Theory-Implementation Gap: There is a simplification between the provable Algorithm 2 (uncertainty sets, candidate policy sets, min-max solvers) and the implemented Algorithm 1 (approximate value differences). The selection of hyperparameters like $\gamma_{\text{small}}$ and $m\%$ warrants more systematic analysis.
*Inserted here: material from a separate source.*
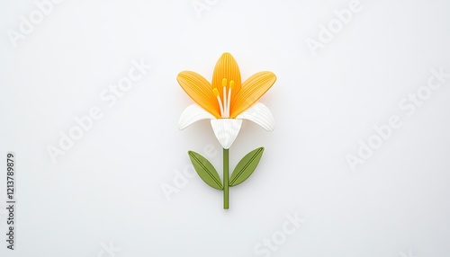 © benz, Naklejka premium A vibrant, artificial lily flower with orange and white petals against a clean, white background

vs. OPRL (Disagreement-based): OPRL selects queries based on reward model disagreement to estimate rewards accurately; OPRIDE uses value differences to align the optimal policy. Ablations show this shift is the main source of the performance gap.
vs. IDRL (Information-directed): IDRL uses Laplacian approximation and Hessians for posterior calculation, which is complex. OPRIDE uses critic values directly, making it easier to implement and empirically stronger.
vs. IPL / CPL / DPPO (Single-stage): These bypass explicit reward modeling. OPRIDE retains the two-stage structure to leverage mature offline RL algorithms.
vs. PDS (Pessimism/Discounting): PDS introduced pessimistic discounting; OPRIDE upgrades this to VDS, which schedules per-sample based on variance.

Rating¶

Novelty: ⭐⭐⭐⭐ The combination of Difference-of-Value-Differences and VDS is a substantive new approach to Offline PbRL query efficiency with theoretical backing.
Experimental Thoroughness: ⭐⭐⭐⭐ Multiple tasks in Meta-World and AntMaze, 5 seeds, module ablations, and survival baseline comparisons, though limited to control domains.
Writing Quality: ⭐⭐⭐⭐ Clear chain from motivation to method and theory; the approximation between theory and implementation could be more detailed.
Value: ⭐⭐⭐⭐ Reducing the labeling budget to ~10 queries provides a tangible efficiency gain for practical PbRL deployment.